Your task is to restate word for word the lines in the material below, from the one with "伊豆急8000系のパンタグラ" up to and including the one with "John Hudick and". Do not carry over the pictures.
Start of MATERIAL FOR THE TASK
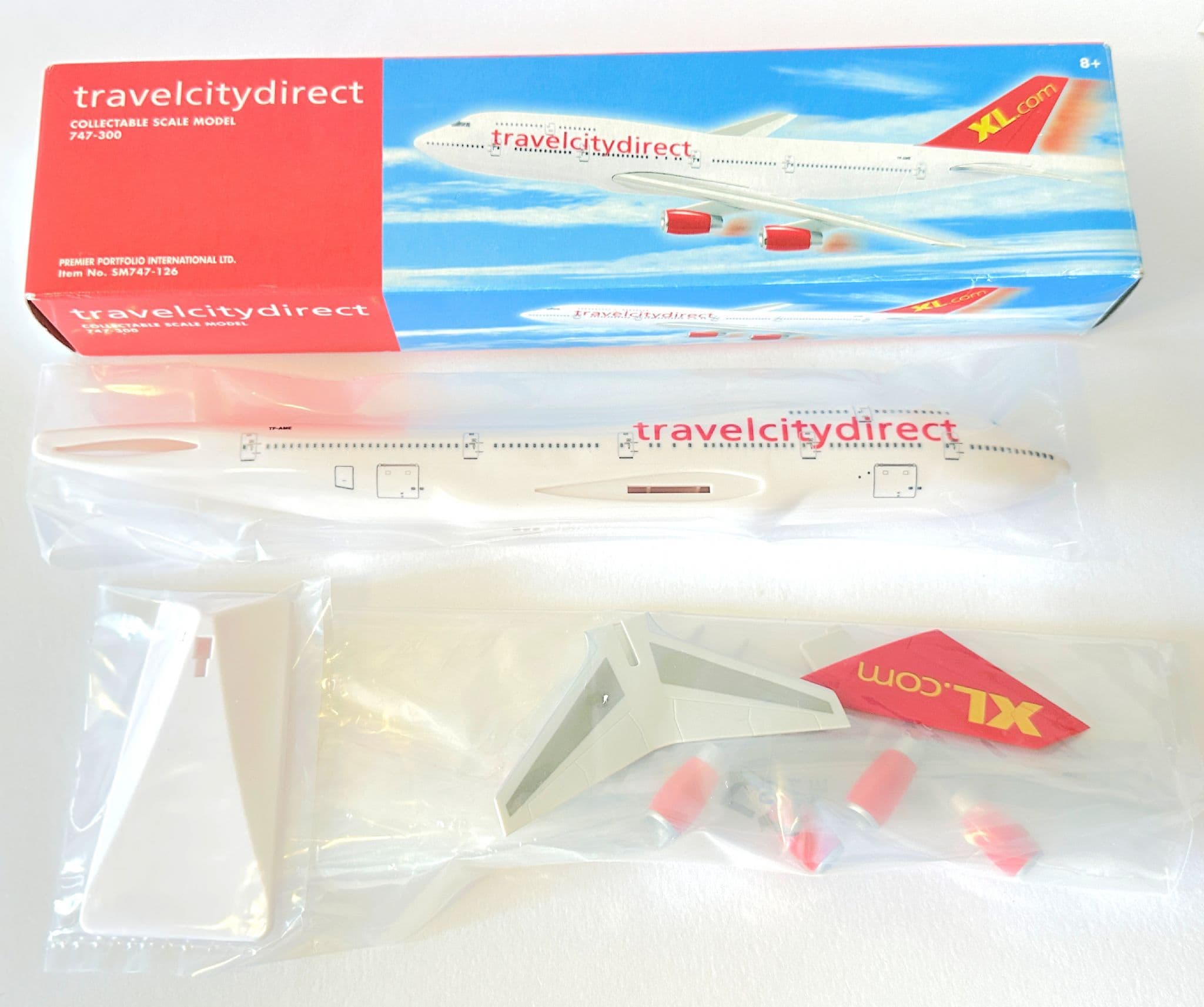 Capture the charm of a classic holiday charter airline with this Boeing 747-300 Travel City Direct Collectors Model in 1:250 scale. Representing the distinctive livery of Travel City Direct, operated by Air Atlanta, this model features the iconic stretched upper deck of the 747-300 and accurate printed detailing.
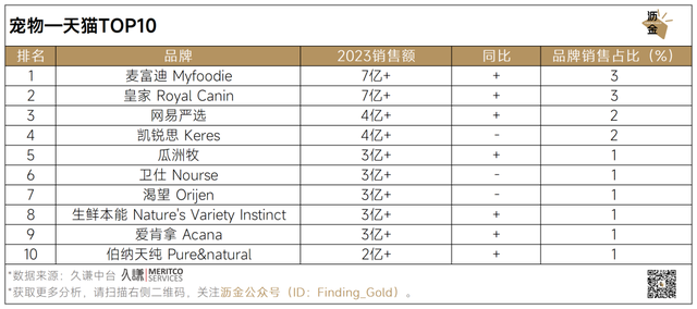 从品牌TOP10榜单来看,天猫平台中,麦富迪和皇家以性价比优势稳居行业龙头地位,同比均小幅上涨;网易严选发展势头较好,同比上涨显著。
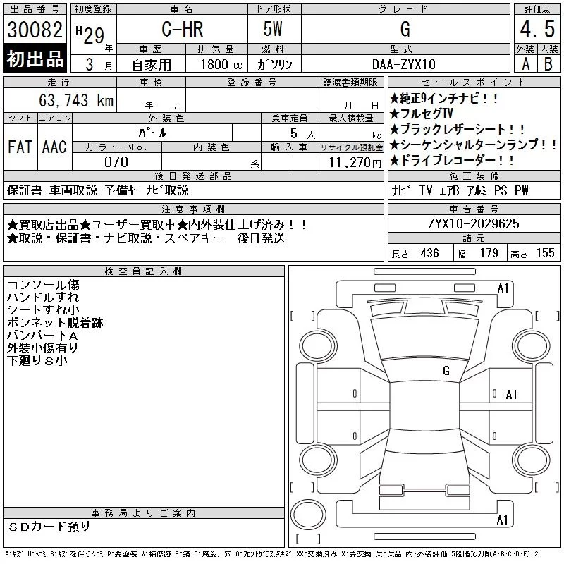 Toyota C-HR с аукциона Японии CAA Chubu лот № 30082
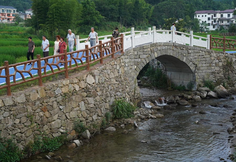 Tourists walk along a stream in Sanping Village of Zhongyuan Township in Jing'an County, east China's Jiangxi Province, July 27, 2022. (Xinhua/Wan Xiang)
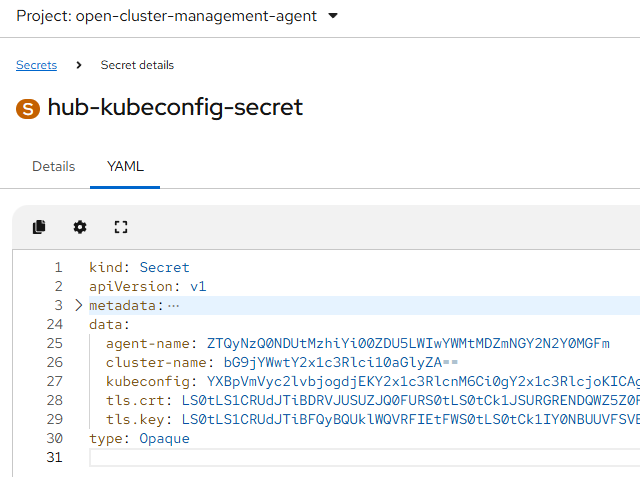 $ oc get secret hub-kubeconfig-secret -n open-cluster-management-agent -o jsonpath="{.data.kubeconfig}" | base64 -d > kubeconfig.yaml
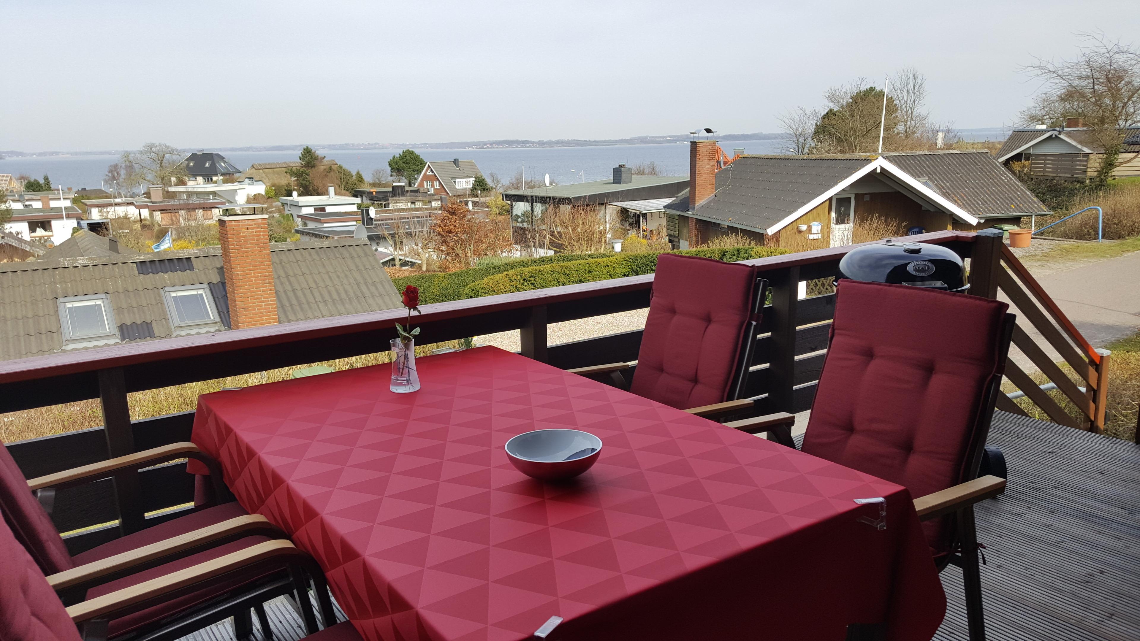 Im Außenbereich bietet das Ferienhaus Fjordstuga zahlreiche Möglichkeiten, die frische Luft und die wunderschöne Umgebung zu genießen. Auf der offenen Terrasse können Sie in bequemen Gartenmöbeln Platz nehmen und den Blick auf den gepflegten Garten genießen. Ein Strandkorb lädt zum Verweilen ein, während der Grill für gemütliche Barbecue-Abende bereitsteht. Eine zweite Terrasse mit Panoramablick auf die Flensburger Förde bietet den perfekten Platz, um den Sonnenuntergang zu genießen und die Ruhe der Umgebung zu erleben.
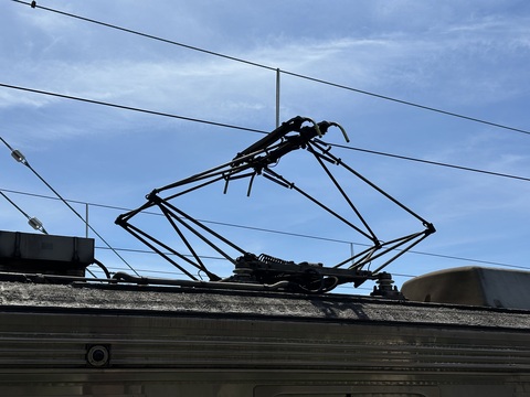伊豆急8000系のパンタグラフはざっと見た感じですと、剛体架線対応型で統一されているようです。
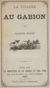 DIGUET (Charles). La chasse au gabion. Saint-Étienne, Le moniteur de la chasse et des tirs, 1883. In-12, 13 x 19,5 …
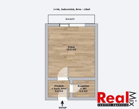 Nabízíme prodej pěkného bytu 1+kk s lodžií po kompletní rekonstrukci, CP 24m2 vč. lodžie, ul. Jedovnická, Brno - Líšeň. Byt se nachází ve 4.NP/5 s výtahem a je orientovaný na výhod do klidného prostředí. Dům je po kompletní rekonstrukci. Pokoj 15m2 se vstupem na lodžii 3m2, koupelna se sprchovým koutem a WC, nová KL v předsíni. Byt je po vkusné rekonstrukci a je nově vymalován. Byt je nezařízen. Veškerá občanská vybavenost v dosahu. Byt je k dispozici ihned. Více info. v RK.
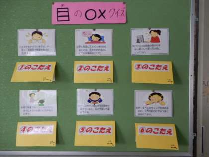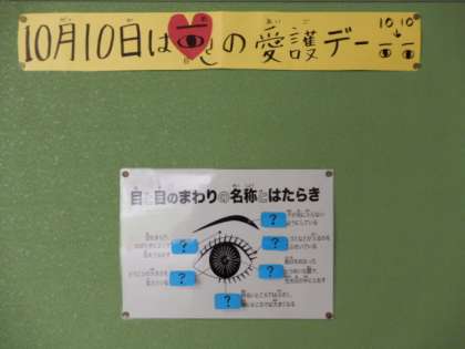10月10日は、「目の愛護デー」にちなんで、保健室前の掲示板には「目と目のまわりの名称とはたらき」と「目の○×クイズ」を掲示しています。○×クイズは、全部で6問。全部正解できるかな。
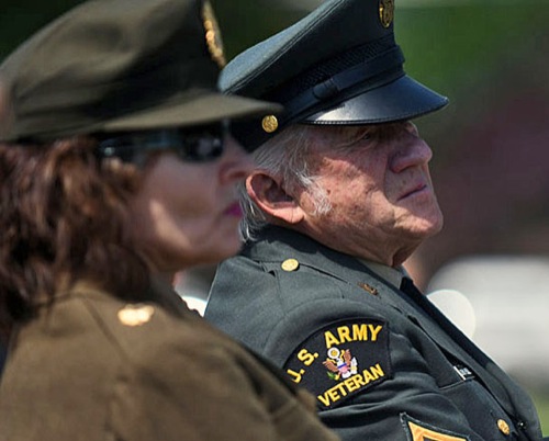 John Hudick and Mary Beth Huffman of Grants Pass attend the Memorial Day service at Hillcrest Memorial Park on May 29. 2017. Hudick was an Army radar technician from 1955 to 1963. (Scott Stoddard / Daily Courier)
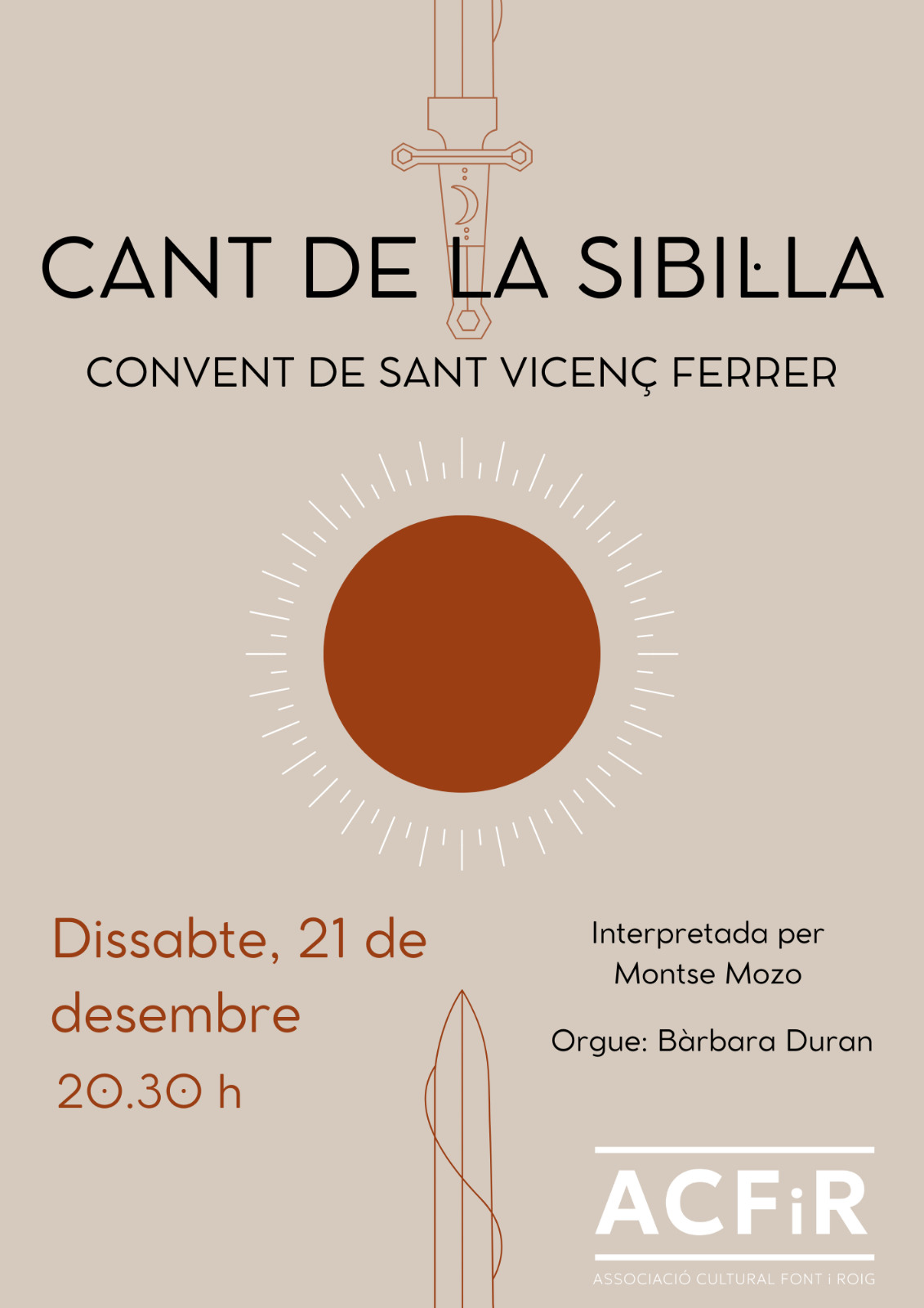 “L’any passat vàrem tenir l’element extra que ens donava la màgia de fer-ho a les dotze de la nit el dissabte de Nadal. Enguany per compensar el Convent estarà obert una estona abans i hi haurà una música ambiental que convida al ritual”. Montse Mozo és per segon any consecutiu la Sibil·la “alternativa” a l’església del Convent. Ho escrivim entre cometes perquè sí que en certa manera es tracta d’una “altra Sibil·la”. L’any passat, es va fer a l’hora màgica que esmentava la soprano murera ara establida a Manacor, però sense vinculació amb la litúrgia religiosa de les Matines, que ja fa anys que no se celebren al Convent. Enguany el cant de la Sibil·la pren l’alternativa el dissabte 21 de desembre a les 20:30 h.
End of MATERIAL FOR THE TASK
▶ _ANSWER TO THE EXERCISE_
伊豆急8000系のパンタグラフはざっと見た感じですと、剛体架線対応型で統一されているようです。
 DIGUET (Charles). La chasse au gabion. Saint-Étienne, Le moniteur de la chasse et des tirs, 1883. In-12, 13 x 19,5 …
 Nabízíme prodej pěkného bytu 1+kk s lodžií po kompletní rekonstrukci, CP 24m2 vč. lodžie, ul. Jedovnická, Brno - Líšeň. Byt se nachází ve 4.NP/5 s výtahem a je orientovaný na výhod do klidného prostředí. Dům je po kompletní rekonstrukci. Pokoj 15m2 se vstupem na lodžii 3m2, koupelna se sprchovým koutem a WC, nová KL v předsíni. Byt je po vkusné rekonstrukci a je nově vymalován. Byt je nezařízen. Veškerá občanská vybavenost v dosahu. Byt je k dispozici ihned. Více info. v RK.
10月10日は、「目の愛護デー」にちなんで、保健室前の掲示板には「目と目のまわりの名称とはたらき」と「目の○×クイズ」を掲示しています。○×クイズは、全部で6問。全部正解できるかな。
 John Hudick and Mary Beth Huffman of Grants Pass attend the Memorial Day service at Hillcrest Memorial Park on May 29. 2017. Hudick was an Army radar technician from 1955 to 1963. (Scott Stoddard / Daily Courier)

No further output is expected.